You can see them from 30 miles away in any direction: four shiny new skyscrapers that tower over Madrid.

“It’s like some aliens have landed at one of the ends of the city,” says Patricia Gosalvez, a Spanish architecture critic.

Those aliens say a lot -- about the fates of David Beckham and other big soccer stars, about Spain’s economic boom, and about the real estate bust that could lead to the European Union’s biggest bailout yet.

Less than 10 years ago, soccer fields covered the spot where the towers now stand.  Madrid’s soccer team, Real Madrid, practiced there.  In 2001, as Spain’s real estate boom took off, the team’s owners did something people all over Spain would do in the coming years: They sold their land for a ton of money.

They got 480 million euros -- more than half a billion dollars at today’s exchange rates. It was enough money to pay off all of their debts. And over the next few years, Real Madrid bought Beckham and three other soccer superstars.

Two construction companies, an insurance company and a savings bank built the four towers. The companies were flush from the boom, and each building seemed more glitzy than the next. One had this panoramic glass elevator, supposedly the fastest in Spain. Another installed a two-story restaurant in the sky. The third had a garden in the sky, with more than 20,000 plants. The fourth went with a chapel -- the highest in Spain.
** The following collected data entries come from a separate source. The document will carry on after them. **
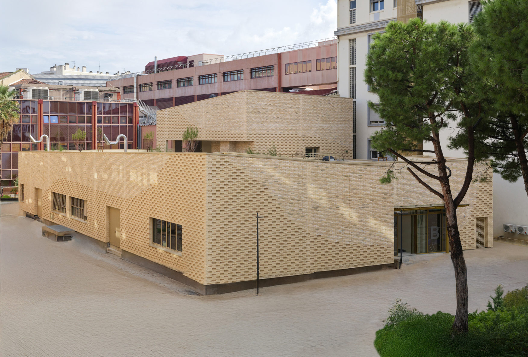 Dans ce contexte, les bâtiments ont été implantés pour s’accrocher au terrain et aux bâtiments avoisinants, avec une volumétrie générant un effet de douceur de l’ensemble. Les terrasses végétalisées ou accessibles, outre leur rôle climatique nécessaire, apportent une richesse au site et offrent des cinquièmes façades soignées et vivantes aux regards des utilisateurs et visiteurs (les surfaces perdues au sol se retrouvent dans ces lieux généreux et protégés).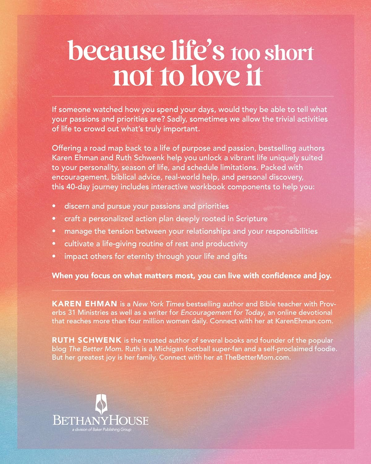 Unlock a vibrant life uniquely suited to your personality, season of life, and schedule limitations with bestselling authors Karen Ehman and Ruth Schwenk. Packed with encouragement, biblical advice, real-world help, and personal discovery, this 40-day journey includes interactive components to help you find your roadmap back to a life of purpose and passion.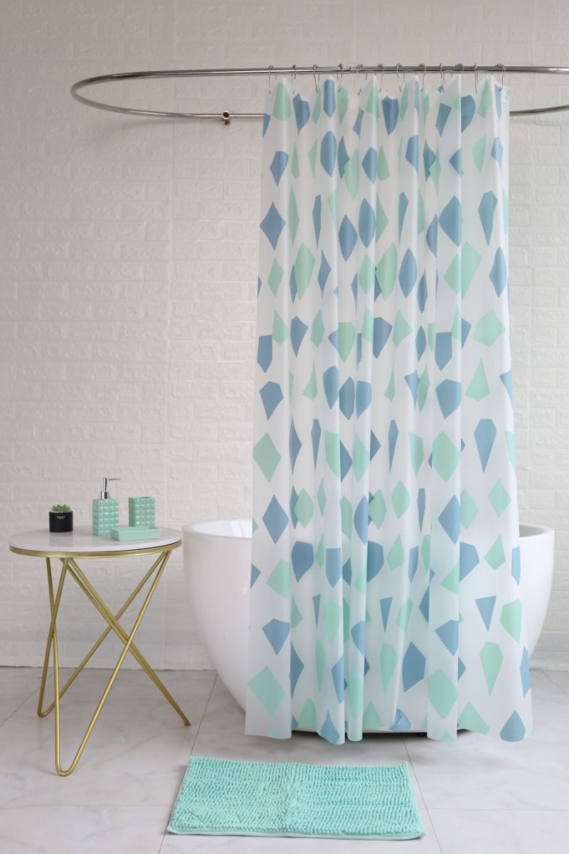 مجموعة من 5 قطع: ستارة حمام، سجادة أرضية، 3 قطع اكسسوار حمام (صابونية، حامل صابون، كوب)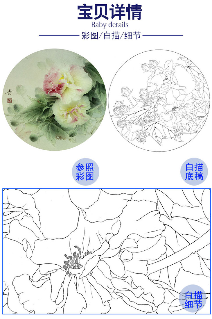龚雪青工笔花鸟白描底稿-芙蓉花小品-多种白描尺寸可选-XQ03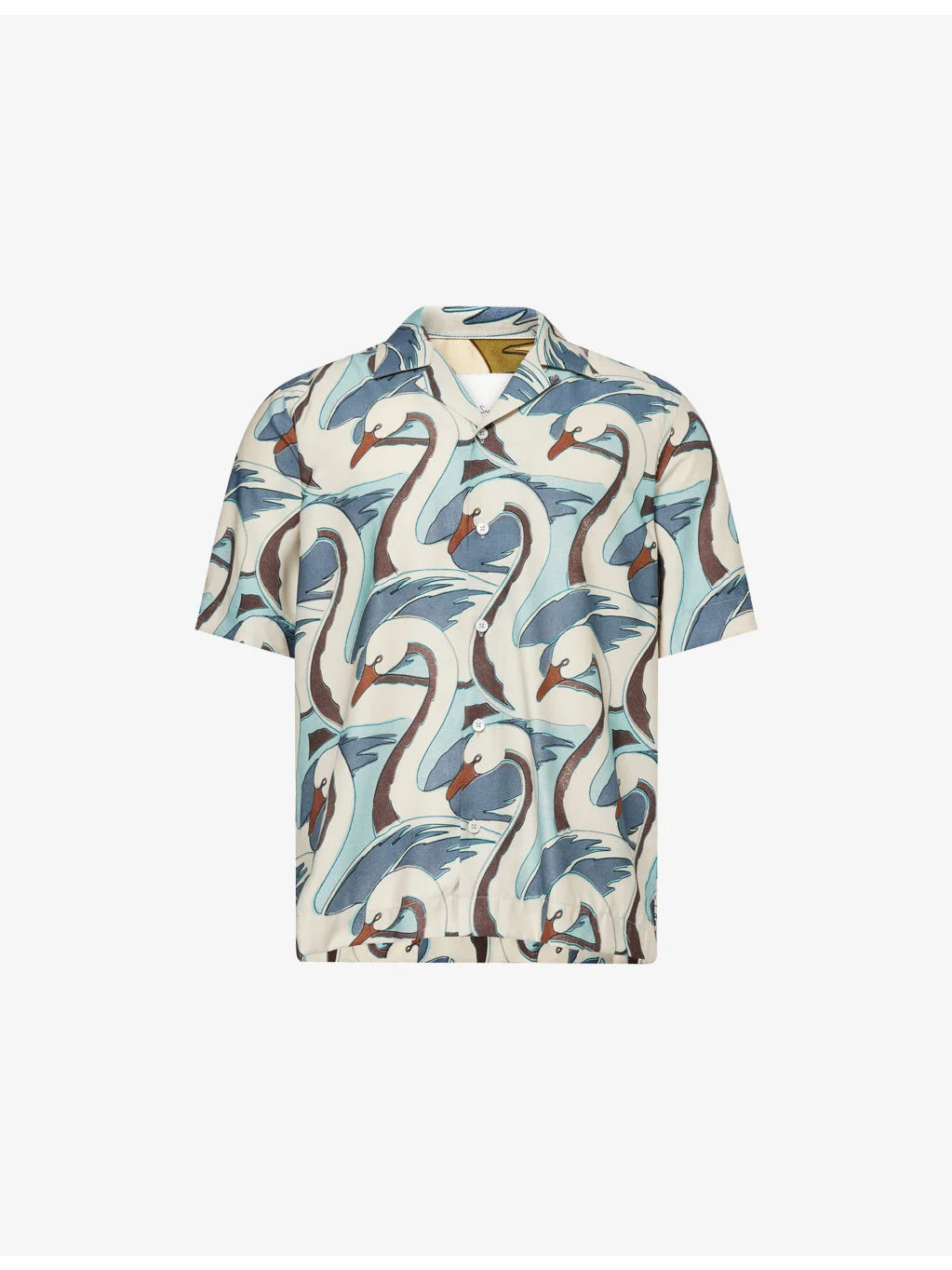 PRODUCT DETAILS - Paul Smith woven shirt - 90% viscose, 10% polyamide - Button fastening - Notched collar, short sleeves, all-over swan graphic print , straight hem - Dry clean - Made in Italy - Size medium: length 32.6in / 76cm, chest 39.3in / 100cm - Model is 6ft 2in/1.88m and wears a size medium - Lightweight, non-stretch Ref: R04536661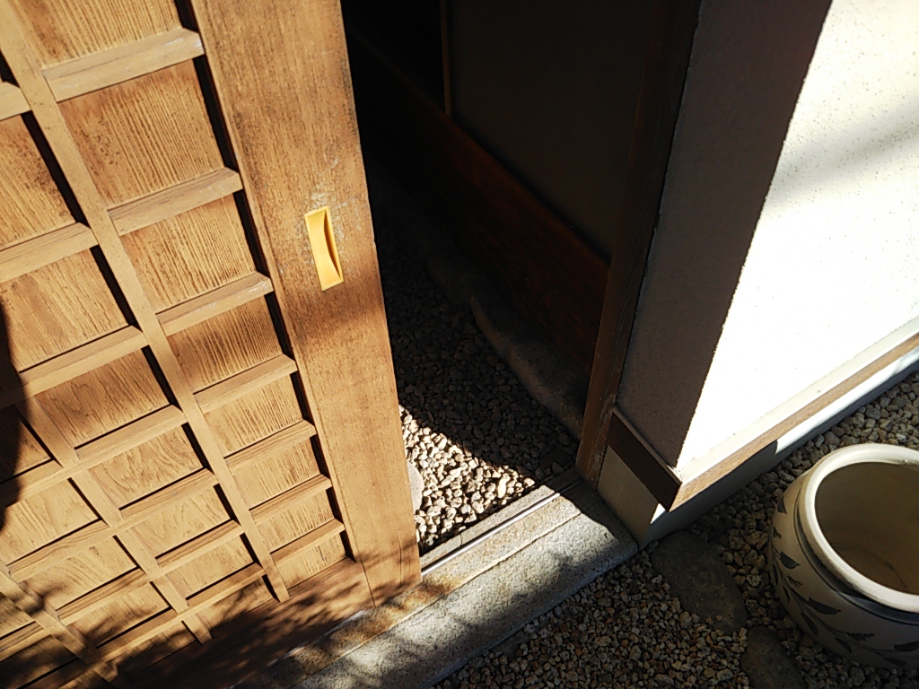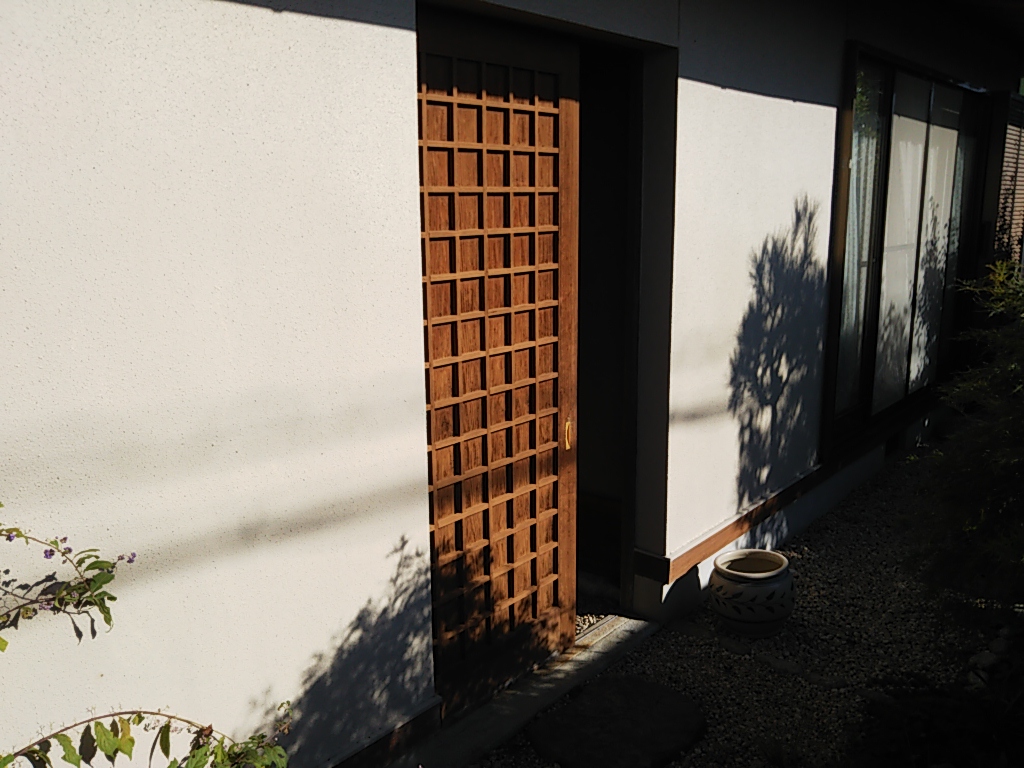 露地の建具の建てつけ合せをして完了。以前は扉を閉める最後の10㎝程でかなり腕に力を入れないと閉まらなかった戸が、調整後はフェザータッチの軽やかさ。茶道教室にお稽古に見える方はいきなりの力の入れ具合の変化にびっくりするかもしれません。
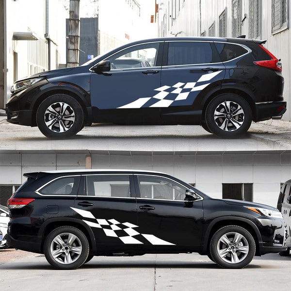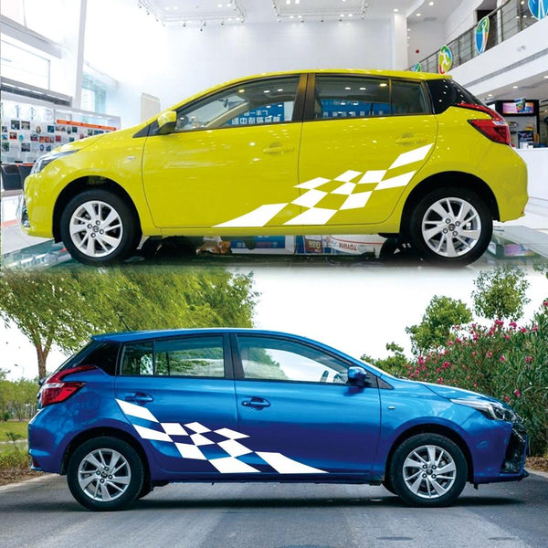 2 PCS/Set D-943 Checkered Flag Pattern Car Modified Decorative Sticker(White)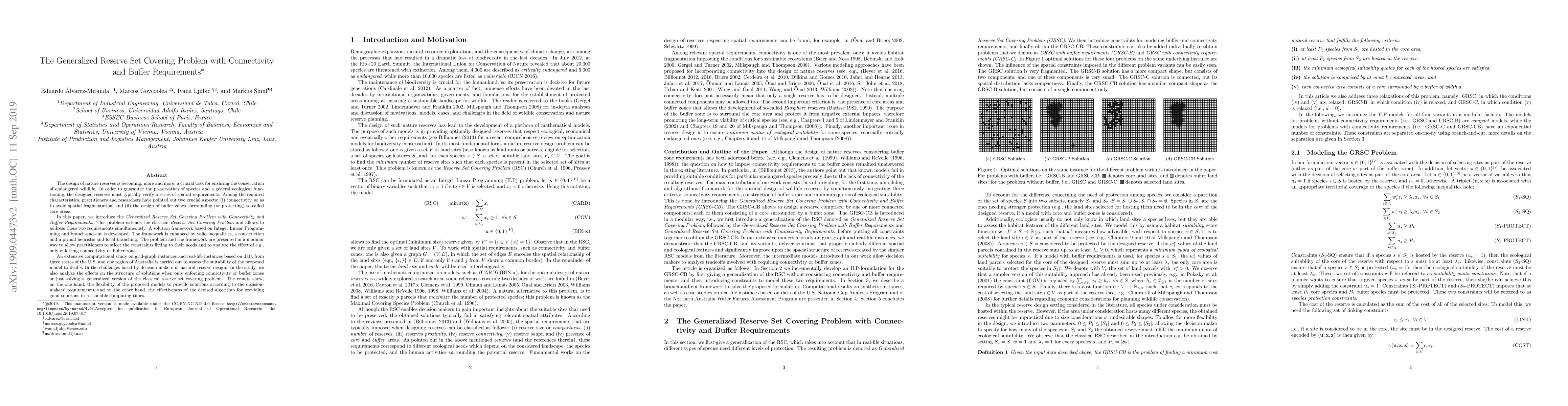 This paper introduces the Generalized Reserve Set Covering Problem with Connectivity and Buffer Requirements, extending the classical problem to address species conservation needs. It presents an Integer Linear Programming framework with branch-and-cut, enriched by valid inequalities, heuristics, and local branching. The methodology is tested on grid-graph and real-life instances from U.S. states and Australian regions, demonstrating the model's flexibility and algorithm's effectiveness in providing suitable solutions within reasonable computing times.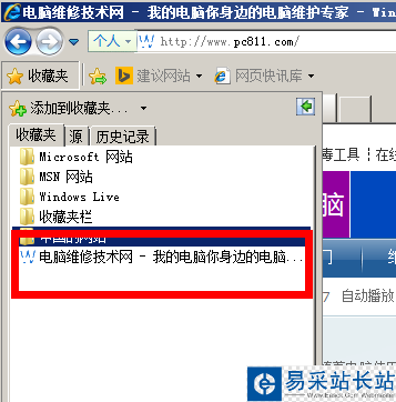 第1步:在“IE瀏覽器”窗口,單擊“收藏夾”按鈕,然后在左側的任務窗格中單擊“添加到收藏夾”右側的下三角按鈕,從彈出的列表框中選擇“添加到收藏夾欄”選項。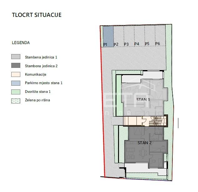 Ukupno je osigurano 6 parkirnih mjesta. Uz svaki stan obavezna je kupnja minimalno 1 parkirnog mjesta, uz mogućnost dodatnog.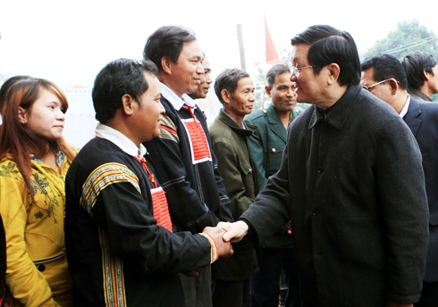 | Le président Truong Tân Sang (droite) visite la commune de Krong Jing, district de M'Drac, province de Dak Lak, le 29 décembre. |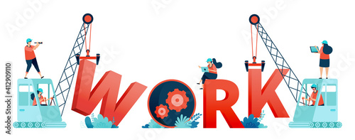 Bakery typography banner template, vector flat illustration. Baker, pastry cook male and female characters in chef uniform cooking decorating cakes, desserts. Confectionery, cake shop, bakery services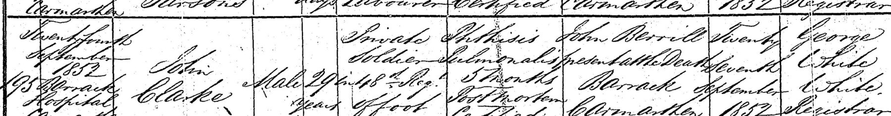 Death Certificate of Private John Clarke.48th Regiment of Foot. 1852 aged29.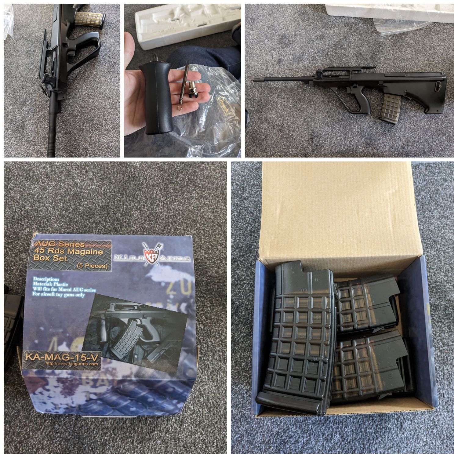 1. Tokyo Marui Aug A2 AEG. Well used and skirmished, lots of scratches etc. Broken foregrip that you see on so many TM Augs, and the little plunger thingy near the charging handle is loose (in the pic with the foregrip).  I used this a lot and never had any issues with it mechanically, I bought it second hand so have no idea if the internals are original, but they always worked well. Comes with 5 x 45 round King Arms real/midcaps and the original TM mag. No box.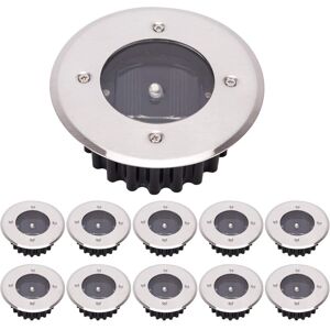 Set of 10 high-quality LED solar spotlights. Material: Stainless steel tempered glass; Dimensions: about 8.5 * 3.5 cm; The lifespan is 100,000 hours. Round solar light using the sun's energy. During the day, the batteries are charged by solar energy and at night, the in-ground lights turn on automatically thanks to the day/night sensor. No electricity costs and tangled wires, easy installation. Attractive lighting for your driveway or garden/patio. Stainless steel and hard glass surface, strong pressure resistance. Protection class: IP 65 - Complete protection against contact, protection against dust ingress, Protection against water ingress when submerged. Perfect for gardens, patios, paths, sand, and concrete. Technical Specifications: 1. Product Type: In-ground Spotlight 2. Waterproof: IP65 3. Light Color: Cool White 4. Bulb: 1 LED 5. Battery: 1 x 1.2V 60mAH NI-MH 6. Charging Time: 5-8 Hours 7. Working Time: Fully charged can illuminate 6-8 hours NOTE: 1. The product has no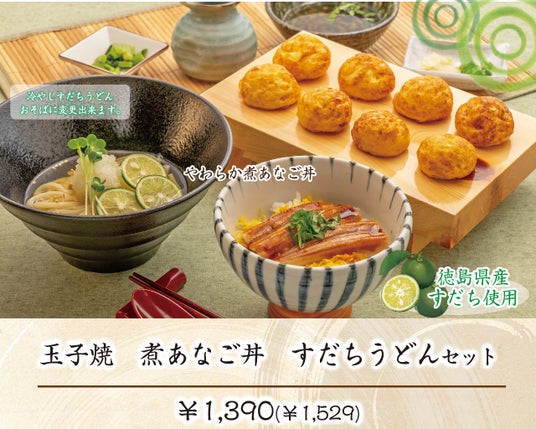 「 名物玉子焼(明石焼)」と、やわらか煮あなごを特製甘たれで絡めた「煮あなご丼」、この時期にピッタリのすだちとひまわり特製お出汁の冷やし出汁で仕上げた「冷やしすだちうどん」がセットになった玉子焼メニューです。あなごのふわふわ食感とすだち、お出汁の香りをお楽しみ下さい。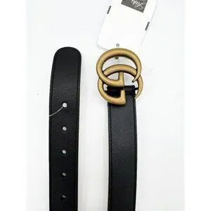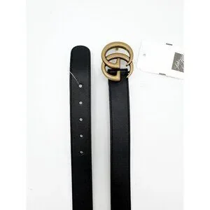 Gucci 55cm Black Leather Double GG Belt Size Small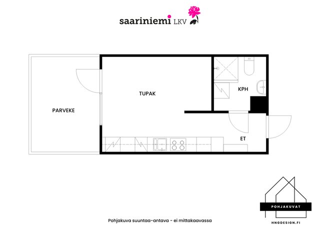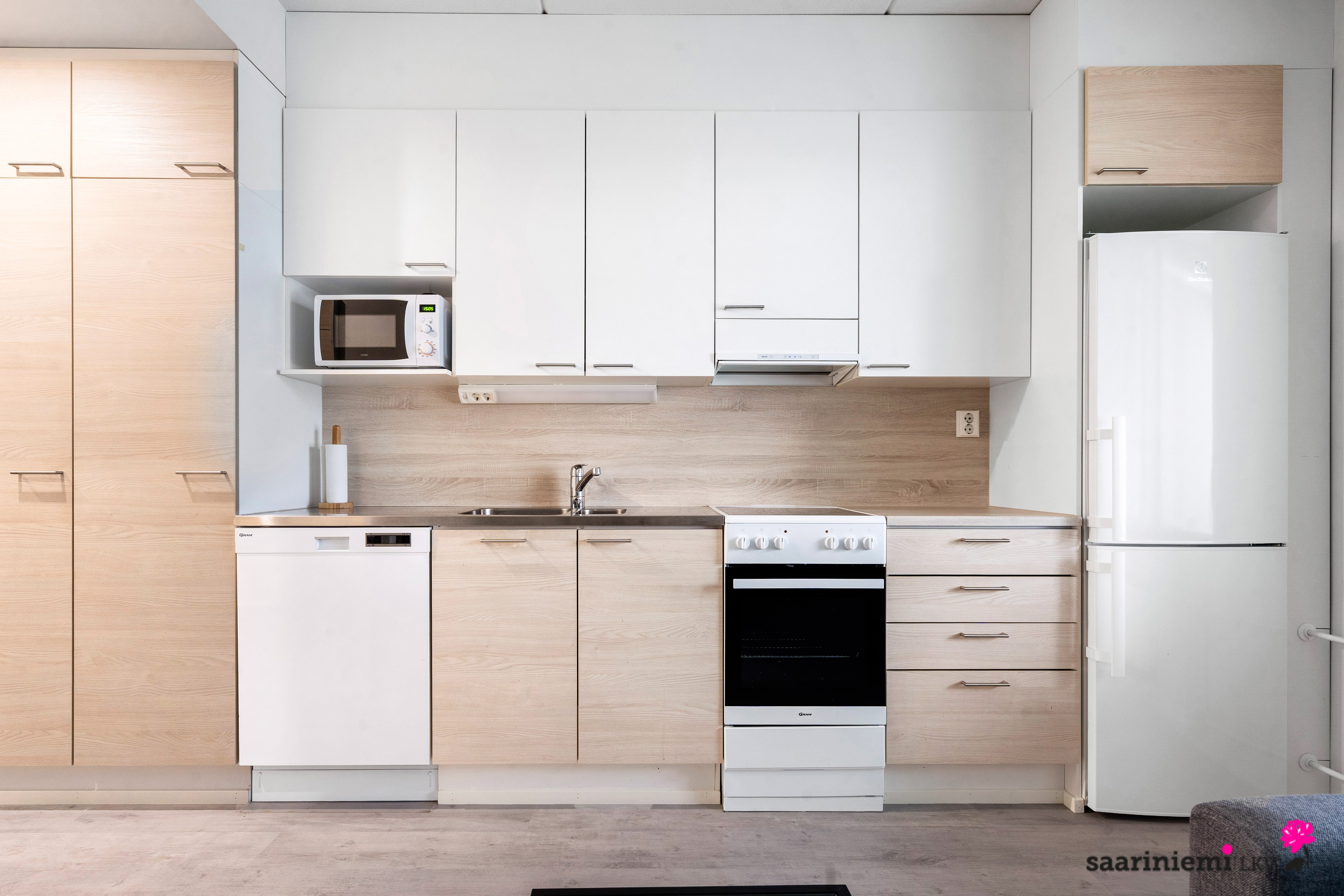 - Jääkaappipakastin, liesi, liesituuletin, ja astianpesukone

There was a rumor that the towers might be named after the soccer superstars the team bought with their real estate windfall. It never happened.

By the time the last of the towers was completed in 2009, it was clear that the boom was over. People were not renting office space.  Unemployment went up to 20 percent.  Construction companies went going bankrupt.

The four towers are currently 75 percent unoccupied.

“They are a metaphor of the boom, and how big we thought, and how little we achieved through it,” Gosalvez says.

You can add these four buildings – or at least 75 percent of them -- to the one million vacant properties in Spain.  In the next year, more will be added to that. If things get much worse, Spain may need a bailout, which could cause economic trouble for all of Europe.